J.R. Smith, the reigning Sixth Man of the Year, just re-upped with the Knicks for $24.7 million over four years. He is three years younger than Kevin Martin, and yet he is making over a million less per year on a long-term deal.
There are two seemingly simple reasons for this: consistency and reliability.
Whereas Martin is known for his spot-up shooting and high conversion rates, Smith is notorious for his maverick shot selection and haphazard decision-making. You know exactly what you're going to get from Martin on any given night, but the bust potential is considerable for Smith.
But let's flip that thought process on its head.
As Martin ages, his off-the-bounce offense will diminish further and his defender will have no reason to give him any space. He'll give you the same production every night, but that production will come by way of low double-digit scoring with little defensive game.
Smith is the type of player who can win games for you when he's on. He scored at least 20 points on 29 occasions last season, he did so with an explosive and varied offensive attack, and he showed the discipline to apply his athleticism on the defensive end when he was at his best.

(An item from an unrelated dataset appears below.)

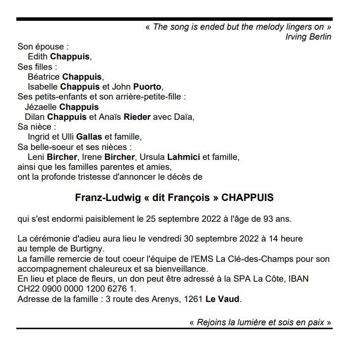 Franz-Ludwig « dit François » CHAPPUIS 05 jan. 1929 - 25 sep. 2022 Avis mortuaire PFG Télecharger PDF Partager sur: Galerie PreviousNext PreviousNext

Of course, Smith's best isn't an issue here; the eye test is all you need to see how dominant he was in March versus how feckless he became in the postseason.
That's short-term bias at work. Smith seems like the inferior option because the recent thing we have seen him do is fail—and fail much more conspicuously and spectacularly than Martin, who also was off his game in the playoffs.
As the guy with the higher ceiling, Smith is the better long-term signing here. He's perceived as riskier than Martin, but that just makes him a bigger bargain in reality.